*Exercise:* Below are records with pictures; copy word for word only the lines between the line with "Animé par Lucile" and the line with "Педагог- наставник и", inclusive, and drop the pictures.
[[ Recorded data open ]]
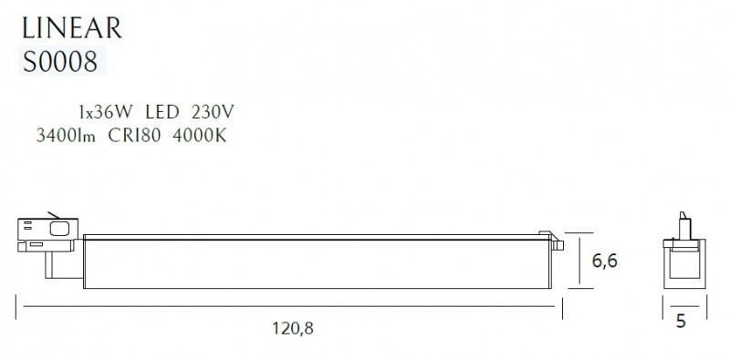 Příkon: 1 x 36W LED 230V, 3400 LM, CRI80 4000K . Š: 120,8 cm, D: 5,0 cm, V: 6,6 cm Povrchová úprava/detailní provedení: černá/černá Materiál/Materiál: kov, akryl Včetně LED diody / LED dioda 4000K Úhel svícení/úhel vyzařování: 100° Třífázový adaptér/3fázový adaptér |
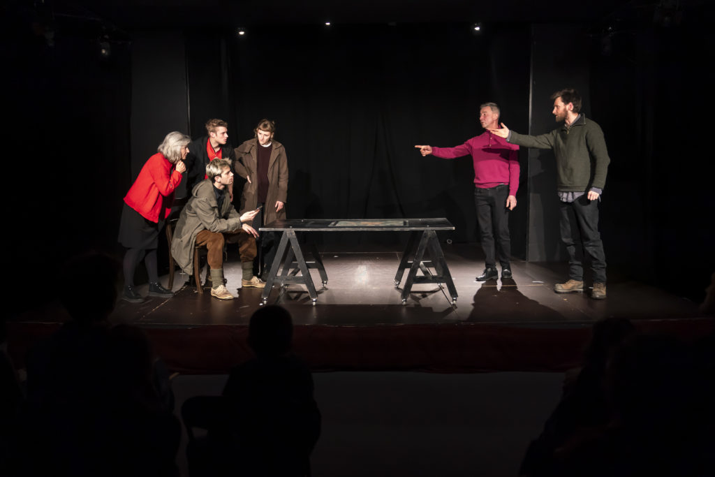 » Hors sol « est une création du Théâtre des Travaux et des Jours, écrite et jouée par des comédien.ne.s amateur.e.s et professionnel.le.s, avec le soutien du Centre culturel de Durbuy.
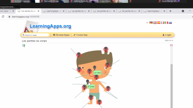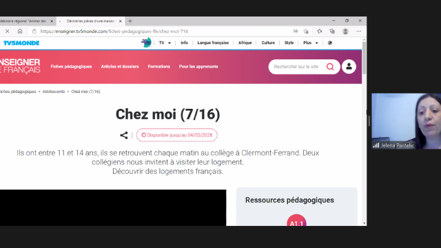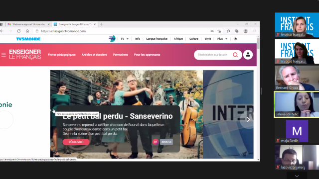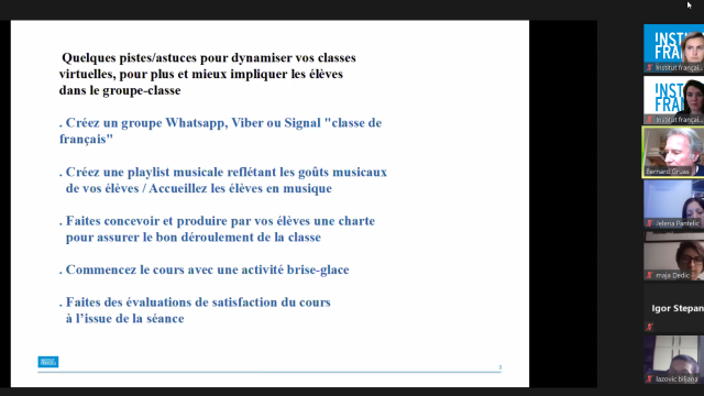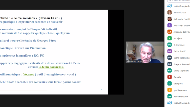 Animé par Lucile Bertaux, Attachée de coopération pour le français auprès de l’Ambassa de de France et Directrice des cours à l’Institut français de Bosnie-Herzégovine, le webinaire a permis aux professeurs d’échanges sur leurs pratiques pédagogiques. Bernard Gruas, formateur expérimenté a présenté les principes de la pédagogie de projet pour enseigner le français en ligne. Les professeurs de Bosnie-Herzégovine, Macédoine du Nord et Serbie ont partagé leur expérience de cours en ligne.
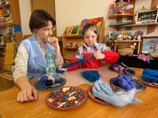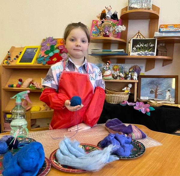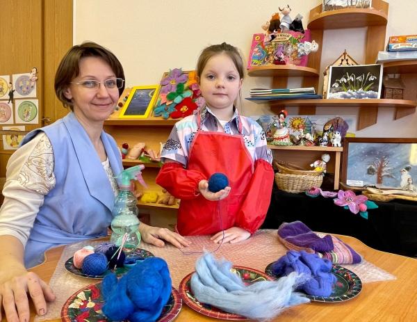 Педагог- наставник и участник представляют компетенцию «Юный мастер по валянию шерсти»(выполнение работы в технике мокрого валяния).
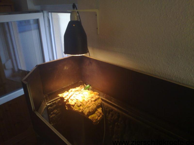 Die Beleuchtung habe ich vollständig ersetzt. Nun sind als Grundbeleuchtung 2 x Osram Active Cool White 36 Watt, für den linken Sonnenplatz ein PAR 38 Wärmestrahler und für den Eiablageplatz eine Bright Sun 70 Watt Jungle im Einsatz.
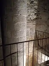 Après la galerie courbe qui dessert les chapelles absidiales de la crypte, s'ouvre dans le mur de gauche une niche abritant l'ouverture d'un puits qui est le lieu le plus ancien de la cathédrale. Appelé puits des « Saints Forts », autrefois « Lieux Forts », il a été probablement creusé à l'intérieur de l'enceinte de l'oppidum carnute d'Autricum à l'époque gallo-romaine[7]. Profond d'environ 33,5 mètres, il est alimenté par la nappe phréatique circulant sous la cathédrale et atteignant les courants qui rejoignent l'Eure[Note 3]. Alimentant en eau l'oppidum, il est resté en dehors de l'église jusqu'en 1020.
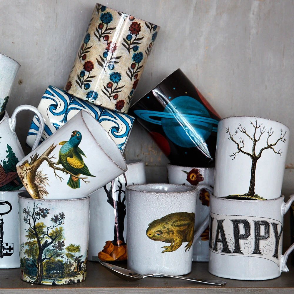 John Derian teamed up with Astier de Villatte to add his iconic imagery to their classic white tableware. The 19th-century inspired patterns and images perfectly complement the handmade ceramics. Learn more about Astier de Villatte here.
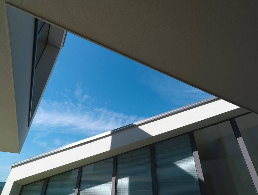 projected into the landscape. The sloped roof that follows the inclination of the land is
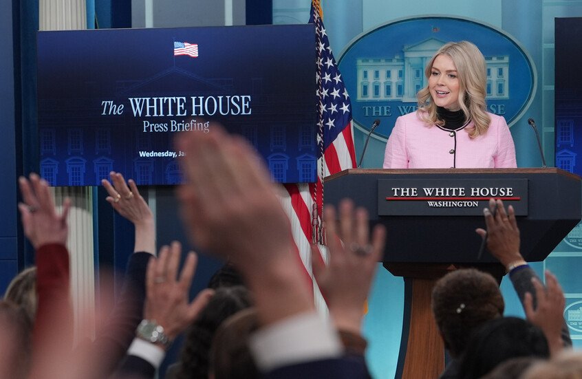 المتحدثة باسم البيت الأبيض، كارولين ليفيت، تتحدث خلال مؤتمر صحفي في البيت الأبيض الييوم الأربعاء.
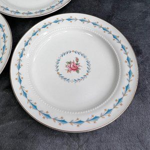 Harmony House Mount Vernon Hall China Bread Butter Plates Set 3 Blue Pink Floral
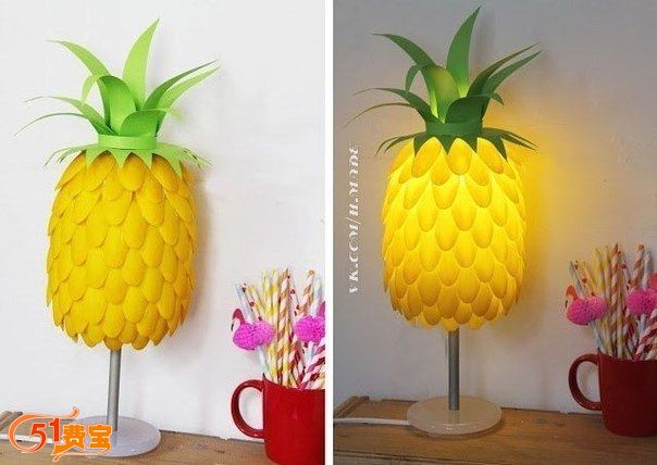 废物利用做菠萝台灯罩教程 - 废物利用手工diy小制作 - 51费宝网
[[ Recorded data closed ]]
[[ Recorded data open ]]
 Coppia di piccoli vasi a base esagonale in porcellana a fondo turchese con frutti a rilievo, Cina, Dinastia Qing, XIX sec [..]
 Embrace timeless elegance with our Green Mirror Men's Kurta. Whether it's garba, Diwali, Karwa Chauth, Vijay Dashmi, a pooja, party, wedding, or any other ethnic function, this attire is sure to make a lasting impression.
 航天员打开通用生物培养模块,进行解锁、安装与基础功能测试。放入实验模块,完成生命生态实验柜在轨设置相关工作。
[[ Recorded data closed ]]
*Answer:*
 Animé par Lucile Bertaux, Attachée de coopération pour le français auprès de l’Ambassa de de France et Directrice des cours à l’Institut français de Bosnie-Herzégovine, le webinaire a permis aux professeurs d’échanges sur leurs pratiques pédagogiques. Bernard Gruas, formateur expérimenté a présenté les principes de la pédagogie de projet pour enseigner le français en ligne. Les professeurs de Bosnie-Herzégovine, Macédoine du Nord et Serbie ont partagé leur expérience de cours en ligne.
 Педагог- наставник и участник представляют компетенцию «Юный мастер по валянию шерсти»(выполнение работы в технике мокрого валяния).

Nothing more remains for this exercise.